Alicia Morgans: Hi, my name is Alicia Morgans, and I'm a GU medical oncologist at Dana-Farber Cancer Institute. I am so excited to have here with me today Dr. Eric Klein, who is an emeritus professor at the Glickman Urological and Kidney Institute at Cleveland Clinic. Thank you so much for being here with me today.

Eric Klein: Thanks, Dr. Morgans. Pleased to be here and to have the opportunity to actually discuss two papers that are related to a unique cohort of patients with early stage prostate cancer. So the project goes back about 20 years, and it's a description of 20-year outcomes based on pathology and Oncotype GPS score in a little over 400 patients that were used to develop the Oncotype GPS score. And the context is we were trying to find a tool that could improve our ability to predict patients who were safe for active surveillance. The endpoint of the first study was adverse pathology, which as you see here, is high-grade prostate cancer or disease outside the prostate. And the reason we picked those is that generally speaking, when we know a patient has these features of adverse pathology, whether that's an original diagnosis or while they're being followed for active surveillance, that they're not good candidates for active surveillance. And the data that I'm going to show you now from the paper actually bears that out.

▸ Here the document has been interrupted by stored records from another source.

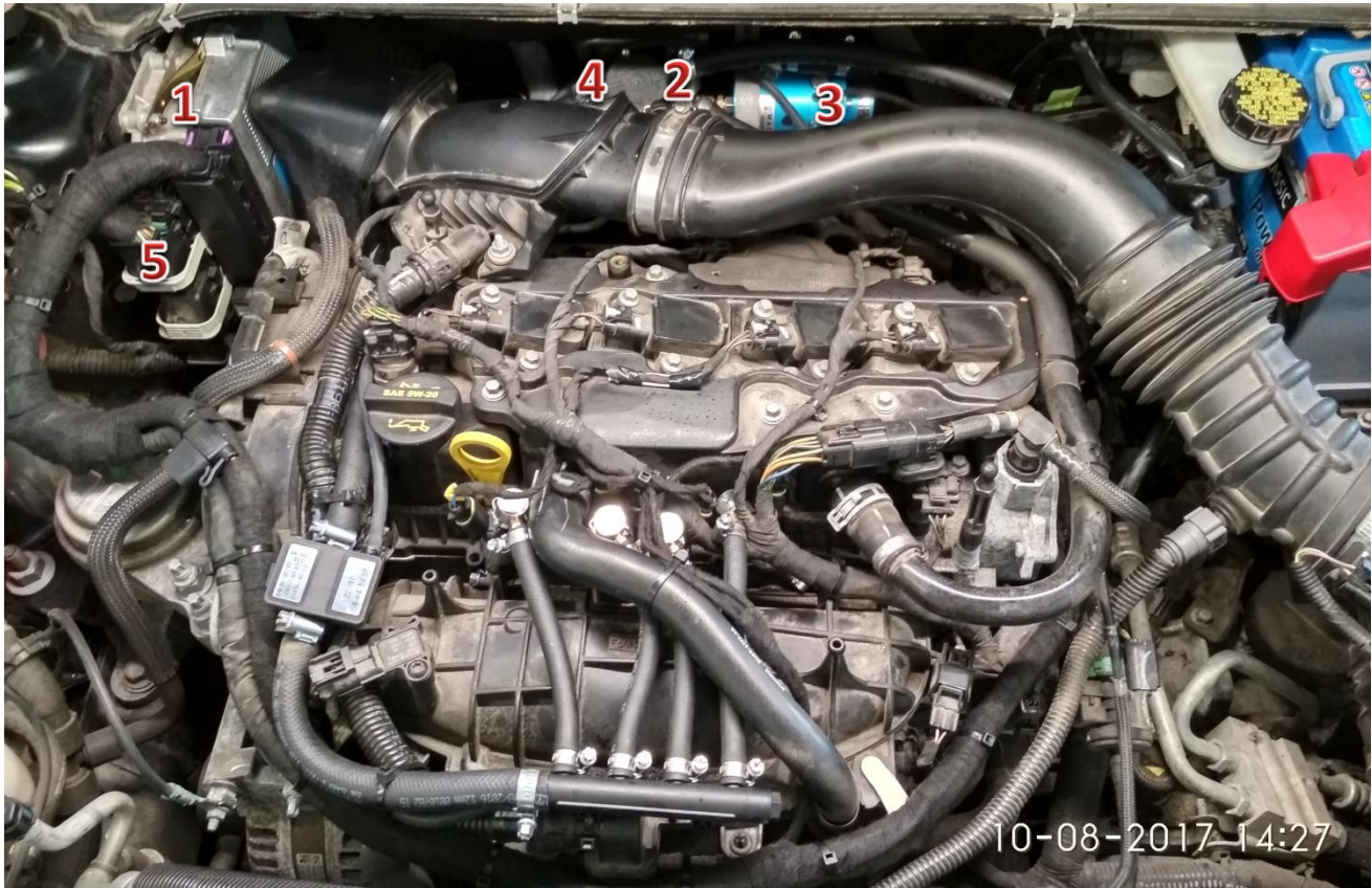
1-sterownik/ECU Zenit Direct, 2-wtryskiwacze gazu/gas injectors, 3-reduktor/reducer, 4-filtr fazy lotnej/gas phase filter, 5-elektrozawór z filtrem fazy ciekłej/electrovalve with liquid gas phase filter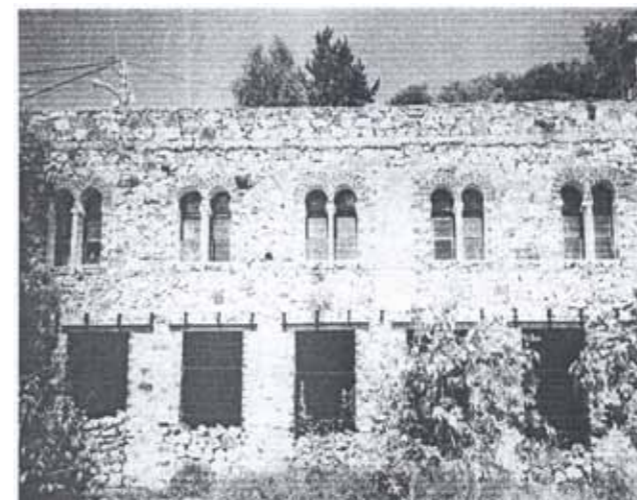
Timcemmert n'Taghrast est la seule des Ath Waghliis à délivrer les Mithaq pour Tarehmanite (Tariqa Rahmaniyya).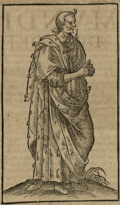
Icon Senatoris togati.

A R V G A in tiliarum formam, hoc est, in longum diducta & extensa.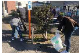
ゴミ拾い ボランティア活動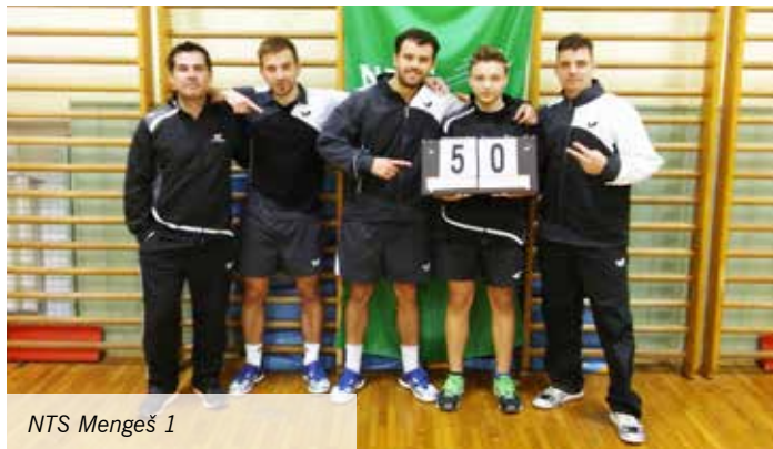
NTS Mengeš 1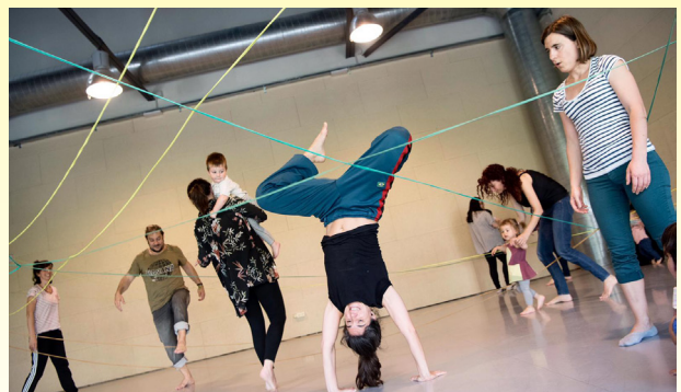
Junts a la jungla, Taller Familiar, Col·lectiu Big Bouncers

So this shows 20-year risk of distant metastasis on the left and 20-year risk of prostate cancer-specific mortality in this cohort as predicted by the definition of adverse pathology there. So you see in the red line, these are individuals who had adverse pathology and at 20 years of almost 25% who had those features had metastatic disease, and about 7% had died of prostate cancer. So the question then comes up is what does this have to do with active surveillance? So we did a subset analysis, looking at patients who had biopsy and clinical features of intermediate, favorable intermediate, and low-risk disease are generally considered safe for active surveillance now. And what we found was that even if you start with those characteristics, and it seems you're eligible for active surveillance, if you have adverse path, even when you start out with good clinical features, you still have a significant risk of adverse outcome.

So in this particular cohort of low and intermediate risk patients, about 17% had metastatic disease at 20 years, and about 4.5% died of prostate cancer. So that led us to thinking about that, now that we have the 20-year outcomes, led us back to the original [inaudible] Oncotype and ask the question can Oncotype predict and be validated for the presence of adverse pathology? And the answer is yes, and that data's all been published. So if you have a high Oncotype score, you're at much higher risk of having these features that we now show are associated with bad outcome at 20 year. And so from the same cohort, we had published in JCO Precision Oncology last year 20-year outcomes, just based on Oncotype score. And what we found from this 17-gene expression profile based on biopsy was great predictability, that's judged by the area under the curve, both for metastasis and for prostate cancer mortality.

And as you see, what's mapped out here on the X axis is Oncotype GPS score, and on the Y axis is risk of metastasis or mortality. And you can see Oncotype score predicts for these things, in addition to predicting for adverse pathology, very well. And this is also true in the low and favorable intermediate risk group, who we consider for active surveillance. So there's a nice alignment here of observation. We know that adverse pathology is a bad thing in terms of long-term outcome. We know that Oncotype can predict for the presence of adverse pathology, but here we show a direct correlation between Oncotype score and long-term outcomes. And it's very striking. And I want just too show in the larger scale what these curves look like. And what's interesting is that it's not linear. It seems like there is an inflection point right around an Oncotype score, if you look closely, at around 29 or so for metastasis and for prostate cancer death.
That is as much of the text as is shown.